Leave the pictures in the listing below aside and reproduce exactly the lines starting with the one with "Moletom Dc Shoes" and going on through the one with "Children grocery shopping", both ends included.

─── The data ───

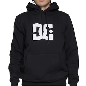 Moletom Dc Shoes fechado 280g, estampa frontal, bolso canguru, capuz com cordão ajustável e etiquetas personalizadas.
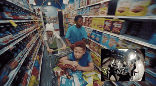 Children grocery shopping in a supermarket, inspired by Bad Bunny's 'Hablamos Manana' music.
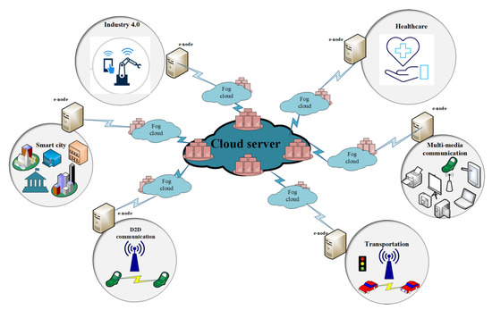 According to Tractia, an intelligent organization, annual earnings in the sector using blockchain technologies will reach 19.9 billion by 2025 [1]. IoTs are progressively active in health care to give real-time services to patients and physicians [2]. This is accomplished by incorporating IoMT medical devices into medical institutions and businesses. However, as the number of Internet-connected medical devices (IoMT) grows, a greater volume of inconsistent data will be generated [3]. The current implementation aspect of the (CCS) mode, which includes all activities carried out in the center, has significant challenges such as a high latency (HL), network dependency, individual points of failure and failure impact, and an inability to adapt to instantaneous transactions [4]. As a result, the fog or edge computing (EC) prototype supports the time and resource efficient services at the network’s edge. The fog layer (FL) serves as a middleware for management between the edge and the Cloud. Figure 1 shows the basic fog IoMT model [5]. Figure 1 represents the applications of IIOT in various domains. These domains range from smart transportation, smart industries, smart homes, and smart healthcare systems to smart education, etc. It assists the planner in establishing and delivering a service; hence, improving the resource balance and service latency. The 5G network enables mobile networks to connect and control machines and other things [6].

───
─── The data ───

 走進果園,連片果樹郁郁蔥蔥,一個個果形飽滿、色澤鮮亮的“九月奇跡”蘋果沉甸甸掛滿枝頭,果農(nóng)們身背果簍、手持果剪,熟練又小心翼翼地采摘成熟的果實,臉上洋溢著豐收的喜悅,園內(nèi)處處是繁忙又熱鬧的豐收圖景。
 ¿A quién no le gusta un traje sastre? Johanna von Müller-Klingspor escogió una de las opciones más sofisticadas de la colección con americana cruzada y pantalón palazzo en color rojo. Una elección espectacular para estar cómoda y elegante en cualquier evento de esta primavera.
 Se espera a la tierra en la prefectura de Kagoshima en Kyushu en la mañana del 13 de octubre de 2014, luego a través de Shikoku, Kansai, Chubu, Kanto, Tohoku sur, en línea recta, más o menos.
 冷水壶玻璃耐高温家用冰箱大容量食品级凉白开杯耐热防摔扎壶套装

───

◆ Answer area
 Moletom Dc Shoes fechado 280g, estampa frontal, bolso canguru, capuz com cordão ajustável e etiquetas personalizadas.
 Children grocery shopping in a supermarket, inspired by Bad Bunny's 'Hablamos Manana' music.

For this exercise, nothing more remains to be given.